Se o devedor não foi notificado da cessão (venda da dívida) ou mesmo que tenha recebido notificação e não assinou a declaração da ciência da mesma, segundo entendimento de grande parte da Justiça, ela não tem validade contra ele e não pode gerar nenhum efeito, inclusive cadastros de restrição ao crédito, como SPC e SERASA.

No que se refere ao envio do nome do consumidor aos órgãos restritivos e crédito, há que ressaltar que a venda ou cessão da dívida para outra empresa não renova o prazo de 5 anos que só conta uma vez da data em que a dívida venceu. O contrário, a negativação do nome do consumidor é ilegal, já que é oriunda de dívida prescrita. 

Outra prática muito utilizada por empresas de cobrança (principalmente fundos de investimentos) consiste na compra de títulos prescritos, em grande maioria “cheques” por valores baixíssimos, e transformam tais títulos já prescritos em “letra de câmbio”, protestando o título por falta de pagamento. O que é totalmente arbitrário e ilegal. 

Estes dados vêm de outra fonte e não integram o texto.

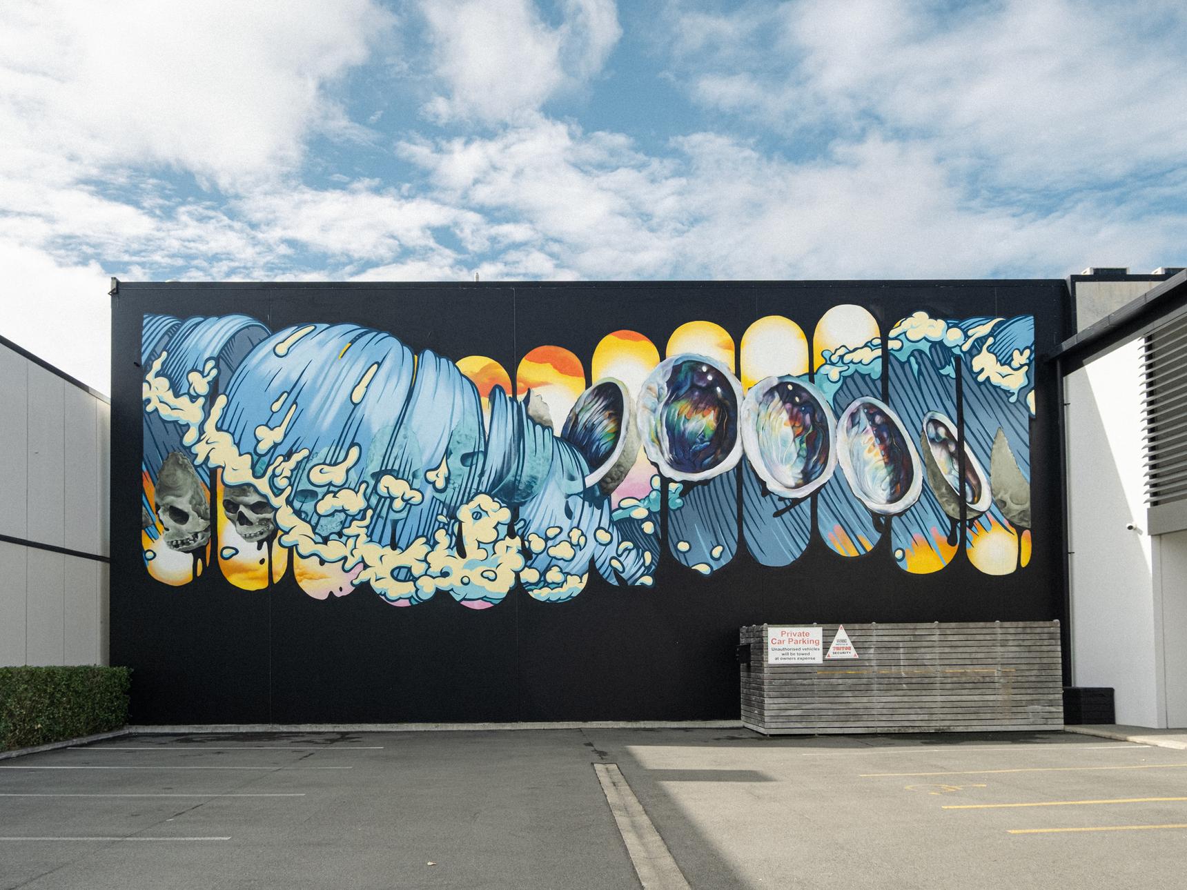 To ground the mural in Aotearoa, INSA chose the pāua shell as the central feature. One of the most iridescent and visually striking shells in the world, pāua also carries deep cultural significance within Māori traditions, where it has long been used in carving and adornment.

De regra, empresas que se utilizam de tais práticas são empresas fantasmas, de difícil localização, inviabilizando qualquer tentativa de ressarcimento pelo ilícito. Nessa senda, cabe alertar o consumidor quanto à solidariedade dos órgãos restritivos de crédito SPC/SERASA, bem como dos cartórios, na medida em que o Superior Tribunal de Justiça firmou o entendimento da responsabilidade solidária entre os bancos de dados de proteção ao crédito e fornecedor (fonte da informação) por registros ilícitos. 

O SPC/SERASA presta um serviço ao seu associado, mas atua também diante daquele cujo nome é registrado em seus arquivos, portanto, deve zelar pela veracidade do que anota; se não o faz, corre risco inerente à sua atividade e, em caso de erro, deve indenizar o dano que decorre dessa falha. Do mesmo modo os cartórios, pelas irregularidades nas lavraturas dos protestos, como: vício formaldo título, falta de assinatura do devedor, dados incorretos do devedor e da praça de pagamento, entre outros. 

Portanto, no caso de ter o nome negativado por dívidas vendidas para outra empresa ou fundo de investimento, ou por protestos indevidos, não efetuem o pagamento. Muitos consumidores decidem pagar para ter seu nome revitalizado com rapidez, contudo, é por este motivo que tais empresas continuam com esta prática. O negócio é lucrativo! Procure a Justiça para contestar a restrição bem como para exigir indenização por danos morais.